An unhealthy cure
Health-care reform proposal won't solve underlying issue of escalating costs
By Steve Hyde,
Published December 29, 2007 at 12:05 a.m.
The Colorado Blue Ribbon Commission for Health Care Reform, after soliciting and reviewing health-care reform proposals from numerous organizations, recently approved recommendations that were reported to closely mirror its own "fifth proposal." While this proposal has a number of beneficial features, its major recommendations would do little, if anything, to contain rising health-care costs, while significantly increasing both taxes and the regulatory burden on employers, health-care providers, insurers and consumers.
A big mistake
Some people believe this proposal has a chance of winning approval. But based on my many years working in the health-care field, I think that would be a mistake. A big mistake.
The commission recommends that all legal residents of Colorado be required to have health insurance, with basic plan coverage. But that's like requiring that we all have auto insurance that pays for oil changes and dent repair, but not for a totaled car. The basic benefit plan, with its emphasis on low-cost primary care, anemic hospital coverage ($25,000 maximum) and low maximum total benefits ($50,000), is not so much an insurance product as a prepaid primary care product.

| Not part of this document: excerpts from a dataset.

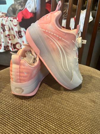 Two pair of skate shoes for sale. The pink and purple pair light up the second pair look like Converse these ones are the pink and white pair. Both are skate shoes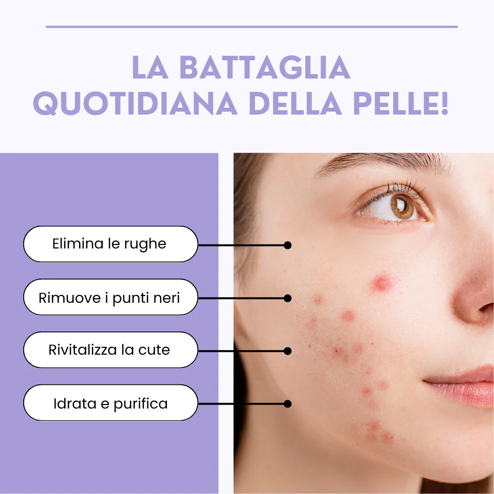 Il risultato è una pelle più tonica, ossigenata e rigenerata, con una significativa riduzione di infiammazioni, rughe e imperfezioni cutanee, senza danneggiare i tessuti superficiali.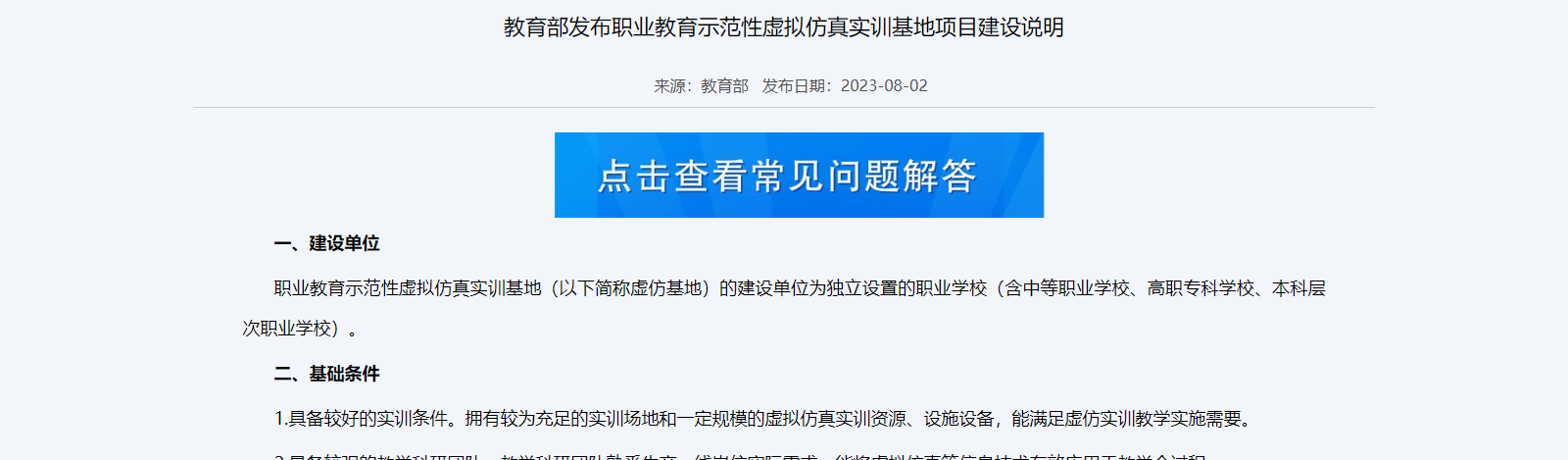 職業(yè)教育示范性虛擬仿真實(shí)訓(xùn)基地(以下簡稱虛仿基地)的建設(shè)單位為獨(dú)立設(shè)置的職業(yè)學(xué)校(含中等職業(yè)學(xué)校、高職??茖W(xué)校、本科層次職業(yè)學(xué)校)。

Real insurance is intended for people to pay relatively small amounts into large risk pools to fund major, unpredictable and otherwise unaffordable events. But with acute medical conditions often far exceeding $25,000, the basic plan is anything but catastrophic insurance. People needing it most will be left high and dry, with huge bills to pay.

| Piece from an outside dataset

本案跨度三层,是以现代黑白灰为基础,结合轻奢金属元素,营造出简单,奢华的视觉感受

True high-deductible, catastrophic insurance would be no more expensive than this basic plan, but offer far better, real insurance coverage for the currently uninsured. As a bonus, those so insured would be eligible for significant federal tax benefits via health savings accounts.
The emphasis on primary-care prepayment over acute-care insurance further perpetuates the patronizing but commonly held view that mandating artificially low-cost primary care will cause consumers to seek preventive services and early disease detection, thus saving money overall. However, 30 years of managed care, with just such low-priced primary benefits, have failed to engender such behavior or lead to reductions of most preventable diseases.
Thus, there should be no expectation that the proposed basic plan will result in either improved prevention or lower costs. In fact, the basic plan's incentives are exactly the opposite of those that motivate people to become price-savvy health-care consumers.
Hiding the cost
Fixed-dollar copayments hide the actual prices of health care and insulate members from any knowledge or concern about the true cost of their care. Such payment mechanisms have been a key driver of the double-digit health-care inflation we have seen since the advent of managed care. Far more effective is the use of (1) significant deductibles combined with (2) coinsurance (i.e., percentage-based out-of-pocket payments), (3) contributions to individuals' tax-free HSAs to cover out-of-pocket costs, and (4) information on how to be a price-sensitive consumer.
The proposed basic benefit plan is anti-consumer.
Making the basic plan mandatory is a tacit admission that consumers would not buy it by choice. Nor should they, for the reasons outlined above. It would be better to enact true health-care reforms to allow a purely voluntary system that, properly structured, would enroll more of the uninsured than this mandate likely would.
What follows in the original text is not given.